Again, I start with lyrics from a song. In this case, it’s Blue Oyster Cult’s “Veteran of a Thousand Psychic Wars”. I don’t mean the word psychic as those dumb asses who claim to see the future or talk to and see the dead. I use the term to describe a state of mind. This is a place that only I know. It’s a place that only I am able to visit. I seem to battle with my mind over and over…forever and forever. It’s all I’ve ever known. I go from being content to being in the depths of despair. Like the warrior in the song above, I feel as if the protective armor I was given at birth is worn. It’s ragged and in pieces…barely hanging on me. Beneath what used to be flesh is now an expanse of wounds, both healed, scarred, and now. Like I said in the post before, I think it stems from being lonely. It stems from battling the pain of always being forgotten, pushed aside, and stepped upon. How can on penetrate flesh that’s been so calloused and toughened by the turmoils of what’s mockingly called life.
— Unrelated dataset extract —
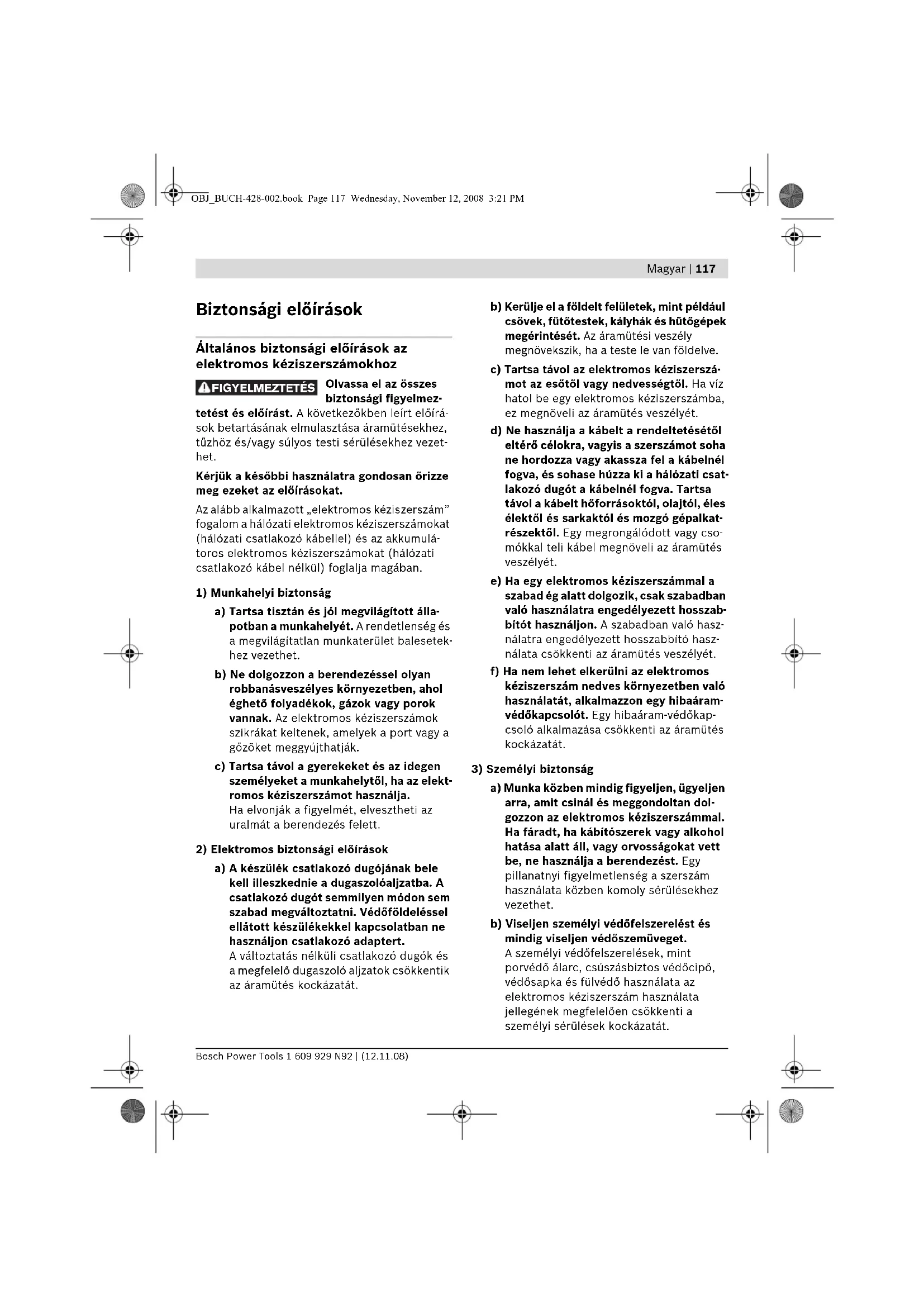 a) Munka közben mindig figyeljen, ügyeljen arra, amit csinál és meggondoltan dol- gozzon az elektromos kéziszerszámmal. Ha fáradt, ha kábítószerek vagy alkohol hatása alatt áll, vagy orvosságokat vett be, ne használja a berendezést. Egy pillanatnyi figyelmetlenség a szerszám használata közben komoly sérülésekhez vezethet. b) Viseljen személyi védőfelszerelést és mindig viseljen védőszemüveget. A személyi védőfelszerelések, mint porvédő álarc, csúszásbiztos védőcipő, védősapka és fülvédő használata az elektromos kéziszerszám használata jellegének megfelelően csökkenti a személyi sérülések kockázatát. FIGYELMEZTETÉS OBJ_BUCH-428-002.book Page 117 Wednesday, November 12, 2008 3:21 PM118 | Magyar 1 609 929 N92 | (12.11.08) Bosch Power Tools c) Kerülje el a készülék akaratlan üzembe helyezését. Győződjön meg arról, hogy az elektromos kéziszerszám ki van kap- csolva, mielőtt bedugná a csatlakozó dugót a dugaszolóaljzatba, csatlakoztat- ná az akkumulátor-csomagot, és mielőtt felvenné és vinni kezdené az elektromos kéziszerszámot. Ha az elektromos kézi- szerszám felemelése közben az ujját a kapcsolón tartja, vagy ha a készüléket bekapcsolt állapotban csatlakoztatja az áramforráshoz, ez balesetekhez vezethet. d) Az elektromos kéziszerszám bekap- csolása előtt okvetlenül távolítsa el a beállítószerszámokat vagy csavarkul- csokat. Az elektromos kéziszerszám forgó részeiben felejtett beállítószerszám vagy csavarkulcs sérüléseket okozhat. e) Ne becsülje túl önmagát. Kerülje el a normálistól eltérő testtartást, ügyeljen arra, hogy mindig biztosan álljon és az egyensúlyát megtartsa. Így az elektromos kéziszerszám felett váratlan helyzetekben is jobban tud uralkodni. f) Viseljen megfelelő ruhát. Ne viseljen bő ruhát vagy ékszereket. Tartsa távol a haját, a ruháját és a kesztyűjét a mozgó részektől. A bő ruhát, az ékszereket és a hosszú hajat a mozgó alkatrészek magukkal ránthatják. g) Ha az elektromos kéziszerszámra fel lehet szerelni a por elszívásához és ös- szegyűjtéséhez szükséges berendezé- seket, ellenőrizze, hogy azok megfelelő módon hozzá vannak kapcsolva a készülékhez és rendeltetésüknek meg- felelően működnek. A porgyűjtő beren- dezések használata csökkenti a munka során keletkező por veszélyes hatását.

I know that one day, I will feel better. I always seem to spring back like a zombie or Jason from Friday the 13th. But like Jason, each time I spring back, it’s with new wounds and internal deformities. It’s hard to push on knowing what I am like on the inside. It’s hard knowing that it’s always the way I am going to be. I can’t see a “Future Self” that’s without the pain that I know now. I say this because pain is a part if life. Suffering is part of life. But will that Future Self have the same distortions, deformities, and ugliness of the Self I am now? Of course he will. They just may not show themselves as they are now. It all goes back to the old post of being the same person. True, at that point, I will be different in some aspect, but many of the present ones will be there as well. Being a new person means having totally new everything. But that’s not possible. The future incarnation will look different, behave different, and even think different. But the fact remains: my future incarnation will always carry parts of his previous self. Therefore, I will not be the exact same person. But I will be the same person..just with the memories, pain, and happiness of the former. Right now, my present incarnation has the worn armor. He has the scars. But perhaps my future incarnation will have repaired his armor and soothed his wounds with the “salve” of time and self-forgivess.